How come there is a place called Bay of the Cows in a national park, located in a small peninsula completely surrounded either by water or mountains? It turns out that the whole region was extensively used as pasture before the creation of the park. People left, but some of the cattle stayed and became wild. They estimate 5000 heads of cattle living the area of the National Park (I didn’t see any in the Bay).

This has become a problem. They don’t have any natural predators (though I can imagine that pumas could hunt calves, at least). They eat saplings thus impeding new trees to grow (virtually all trees on the Bay of the Cows are very old!); and they compete for habitat with the native huemul which lives only here and is endangered.

The government hires people to roundup and tame cattle in the area of the Park so that they can be moved to farms. They are considering to allow hunting of wild cattle in the area.

Bahía de las Vacas (Bay of the Cows).

A view from the Bahía de las Vacas (Bay of the Cows). No cows in sight.

Punta Walichu

One could consider this a second-tier attraction in the El Calafate area (the National Park is undoubtedly the big thing there), but we liked it very much.

First, the location is great: beautiful landscape with the lake and nice rock formations, plus good opportunities for seeing the local flora and fauna.

Punta Walichu

Lago Argentino (Argentino Lake) and rocks at Punta Walichu.

Second (and what is really advertised as an attraction), this is a decent archaeological site with some very old cave paintings. In addition to the real stuff, they included some reproductions of cave and rock paintings from the region and reconstructions of a Tehuelche tent (kaú) and burial place (chenke).

They also provide a well-produced audio guide, available in Spanish, English, and French). Their website is nice, though available only in Spanish.

Borges & Alvarez Librobar

As lovers of both food and books, we were strongly attracted to this “book-bar” in El Calafate. To me, it was a disappointment. This is not a place for book lovers. Sure, they have a cute staircase imitating book spines and some bookcases around the place. But they also have loud music. Too loud. It has the mood of a bar, not of a booky place.
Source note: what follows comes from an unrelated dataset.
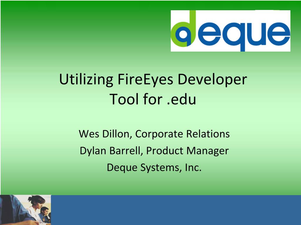 Utilizing FireEyes Developer Tool for .edu Wes Dillon, Corporate Relations Dylan Barrell, Product Manager Deque Systems, Inc.
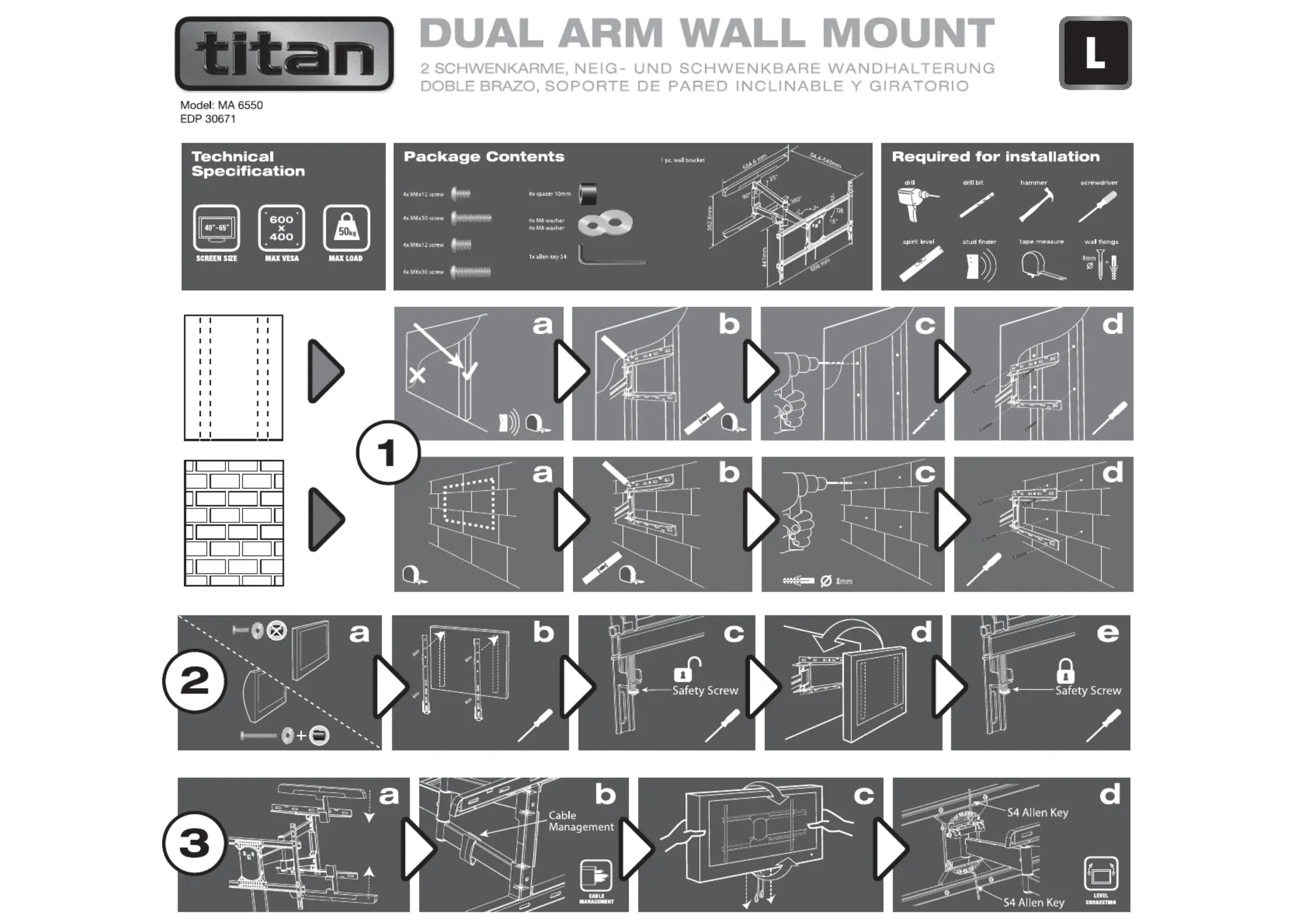 Lies die bedienungsanleitung für Titan MA 6550 (1 Seiten) kostenlos online; sie gehört zur Kategorie Wandstütze. Dieses Handbuch wurde von 12 Personen als hilfreich bewertet und erhielt im Schnitt 3.6 Sterne aus 6.5 Bewertungen. Hast du eine Frage zu Titan MA 6550 oder möchtest du andere Nutzer dieses Produkts befragen? Stelle eine Frage

We had a cazuela de cordero (lamb stew) and a fresco y batata (fresh cheese with sweet potato jelly). Both were OK. Their IPA beer was better than the food. Service was so-so.

Malbec Wine Impressions

I am not really into wines (and particularly not into red wines), but we were willing to try a Malbec. We bought a cheap one from a supermarket in Ushuaia, chosen more or less randomly: Etnia Roble Malbec.3

I heard (through the grapevine – ba dum tss) that Malbec wines are not easy ones. My very first impression about this particular one confirms this. It felt like when a large dog tries to play with me: it was not deliberately trying to aggress me, but I felt aggressed anyway. It has something that remembers me spices… maybe not the taste itself but… I don’t know… the feeling. I guess this comes from the oak barrel where it supposedly aged.

It took us a few of days to finish the bottle (drinking one small glass a day). On the third day I wasn’t feeling aggressed anymore. I can’t say that I like it, but again, this is a red wine, and I don’t really enjoy red wines.4

Museo Marítimo y del Presidio de Ushuaia

This is a cluster of museums in Ushuaia, all sharing the same location: the old prison of Ushuaia. I think they are nice, but visiting them was quite tiresome. There is a lot to see and, especially, a lot to read. I love reading signs in museums, but here (especially in the Prison Museum) there are lots and lots of signs, with long texts, many of which are typeset quite uncomfortably, with too long lines.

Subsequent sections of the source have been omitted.